Sorry to be blunt about this, but let’s talk facts rather than mis-information shall we…

  1. The NAS-122665 ticket is only accessible by ixSystems personnel and is NOT a public document - and even if it was a public document, it doesn’t constitute a communication as part of a change log because you have to go and hunt it out.

  2. “Actually the information is NOT in the release notes for Cobia”!!! Here are the entire statements about netdata in the Cobia release notes quoted verbatim - not a single mention of a reduction in reporting days:

“System reporting has been overhauled and now uses Netdata as the backend to provide system statistics to the Reporting screens.” (Stated twice)
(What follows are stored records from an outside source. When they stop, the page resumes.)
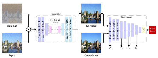 - GAN is proposed to de-rain the rainy image. Squeeze-and-Exciation (SE) modules are used in generative network. Instance normalization (IN) [14] is used to normalize the features. The trainable perceptual loss function is used to guide the network to generate rain-free image which is close to real-world rain-free image semantically.
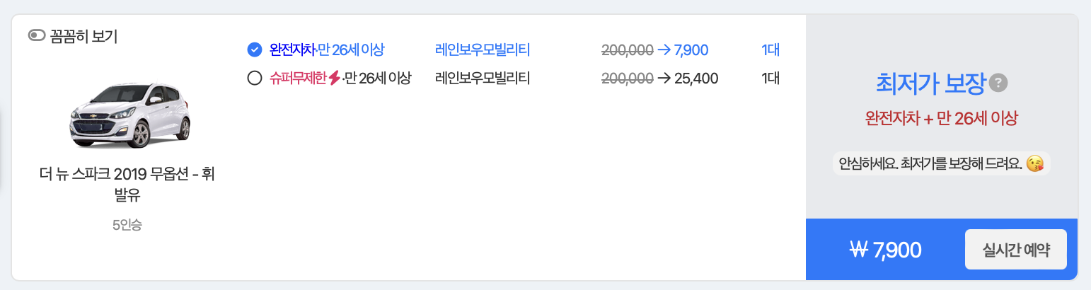 - 스파크 (소형차) : 일반자차 6만원, 완전자차 7만원, 부분무제한 8만원, 슈퍼무제한 9만원
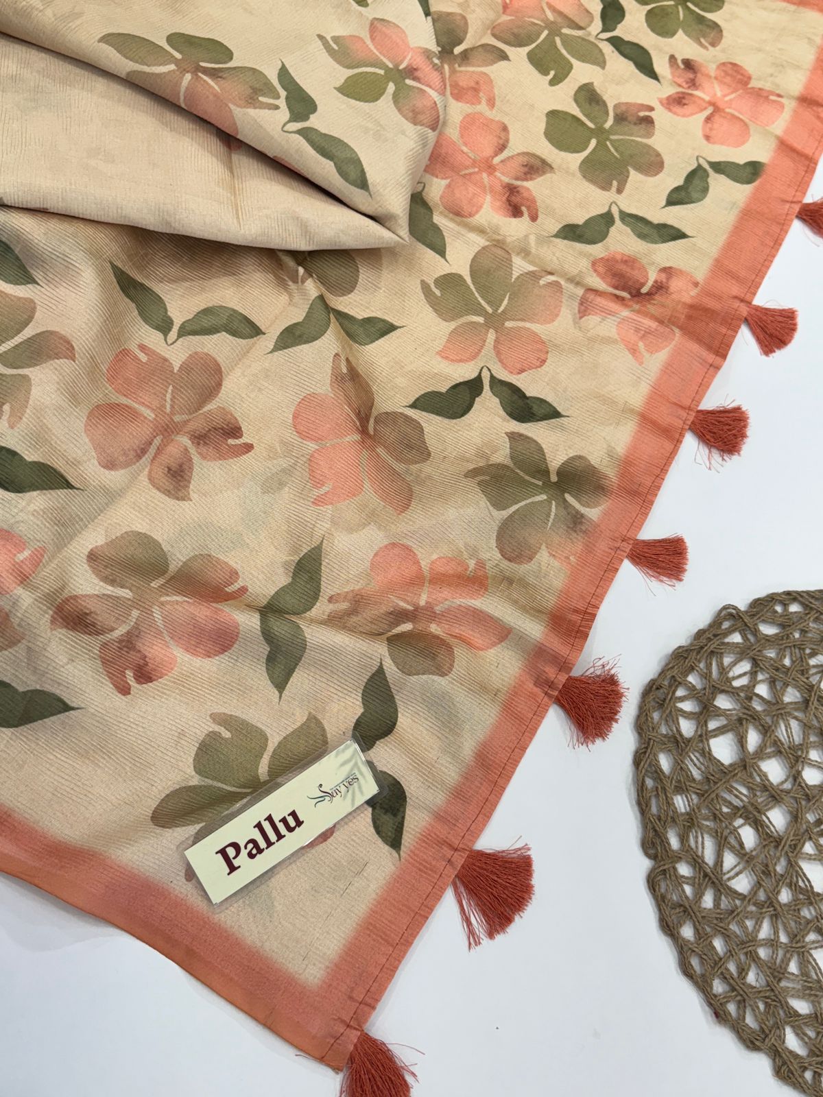 Finished with a solid pastel orange border that frames the saree beautifully.
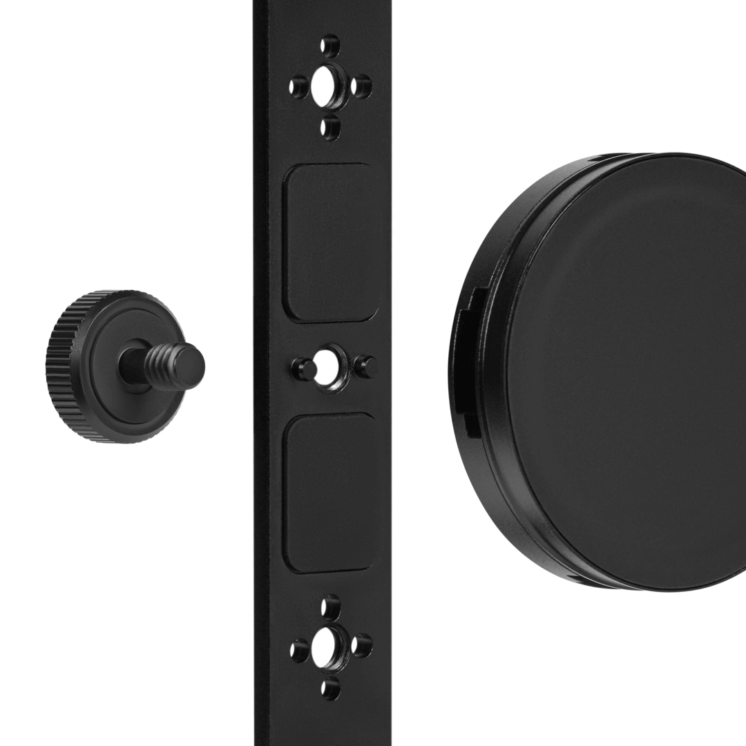 複数のコールドシューマウント、1/4インチネジ穴、3/8インチネジ穴に加え、アンチツイストロックに対応した1/4インチネジ穴も備えているため、マイク、ライト、ハンドル、アーム、三脚などの幅広いアクセサリー群を取り付けることが可能です。
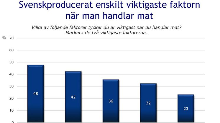 Hälften av de svarande valde "Att maten är svenskproducerad" som ett av de två alternativen. Näst viktigast är att maten är hälsosam.

“As part of the netdata implementation and overhaul of the reporting features, Graphite support is no longer built-in with TrueNAS SCALE 23.10 (Cobia) NAS-123862.”

So I stand by my original statement that this was NOT communicated AT ALL.

And it genuinely appears that ixSystems is in denial about this and is not actually listening here - and it is this that I find the most worrying aspect and IMO it is really not a good omen at all.

I have literally just realised that there is an official ixSystems Scale Chart for a Netdata app. I haven’t used this, so can anyone give me any insight into how this relates to the change to using Netdata in the base Cobia release?

The Netdata app was also available in Bluefin according to the 22.12 documentation so this app predates the Cobia implementation and would therefore presumably have run alongside and in parallel with the Bluefin reporting.

I can understand that availability of this App would NOT affect the decision that Netdata was the way to go for base reporting (which still seems to me to have been a good long-term decision), but it does seem to me that for Cobia:

  1. The Netdata app might benefit from being updated to work with the Cobia implementation rather than in parallel - I have no idea whether this has been done, but I suspect that the Netdata chart is based on someone else’s docker / helm image and so unlikely; and

  2. The Netdata app could have been - and still could be - the way to provide users with the ability to adjust how data is recorded and tiered and summarised etc. And if so, then Cobia could have shipped with a default Netdata configuration that did tiering and summarising in order to provide 6 months data logging within the same disk space usage as Bluefin.

  3. Would installing this be a short-term fix for those of us worried about the lack of trend reporting pending a proper solution from ixSystems? Also, would implementation of this also give better retention of reporting stats over version upgrades? And can anyone comment on the memory / CPU impact of installing this? Edit: There are several posts on the Netdata community about Netdata memory usage being at least 500MB. So I think we would need to establish a common starting configuration that was not going to use either too much memory or too much disk space. And we would need to decide whether running two instances in parallel would be a good idea or not.

As I say, I am not knowledgeable about the details of the Netdata app, so if anyone can answer these questions I think that would be helpful.